§ TASK ITEM
Everything from the line with "Kisgyerek első karácsonya" down to the line with "Червен панталон от" below must be printed exactly, those two lines included. Exclude pictures.

§ TASK DATA
╭──

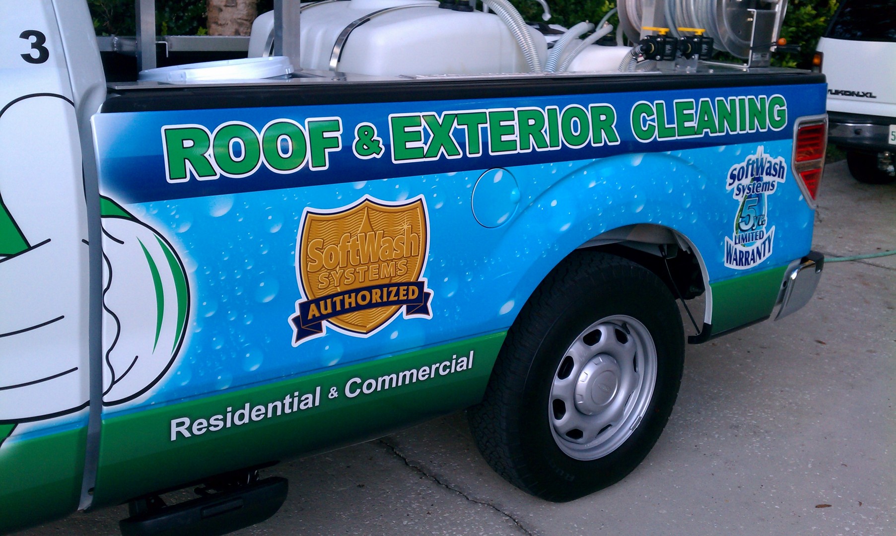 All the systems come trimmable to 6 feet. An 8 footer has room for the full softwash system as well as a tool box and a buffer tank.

╰──
╭──

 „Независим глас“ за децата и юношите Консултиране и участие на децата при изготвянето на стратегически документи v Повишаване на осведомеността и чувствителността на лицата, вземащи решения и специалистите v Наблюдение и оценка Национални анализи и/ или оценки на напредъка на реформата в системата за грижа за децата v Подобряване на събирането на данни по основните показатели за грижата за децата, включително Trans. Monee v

╰──
╭──

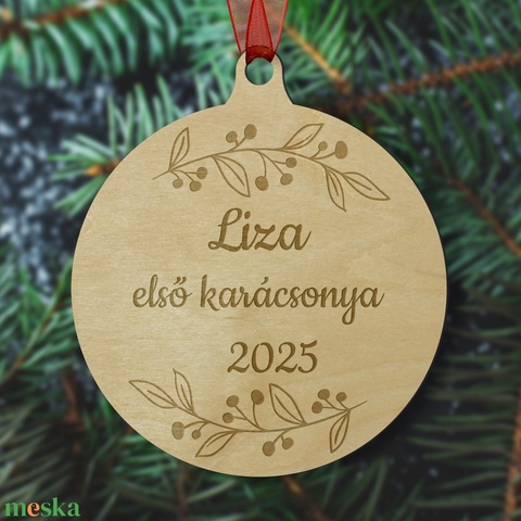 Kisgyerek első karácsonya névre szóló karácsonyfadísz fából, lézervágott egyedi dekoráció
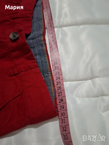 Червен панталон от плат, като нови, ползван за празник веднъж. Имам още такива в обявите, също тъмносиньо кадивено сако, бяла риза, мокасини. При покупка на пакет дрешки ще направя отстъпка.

╰──

§ EXPECTED ANSWER
 Kisgyerek első karácsonya névre szóló karácsonyfadísz fából, lézervágott egyedi dekoráció
 Червен панталон от плат, като нови, ползван за празник веднъж. Имам още такива в обявите, също тъмносиньо кадивено сако, бяла риза, мокасини. При покупка на пакет дрешки ще направя отстъпка.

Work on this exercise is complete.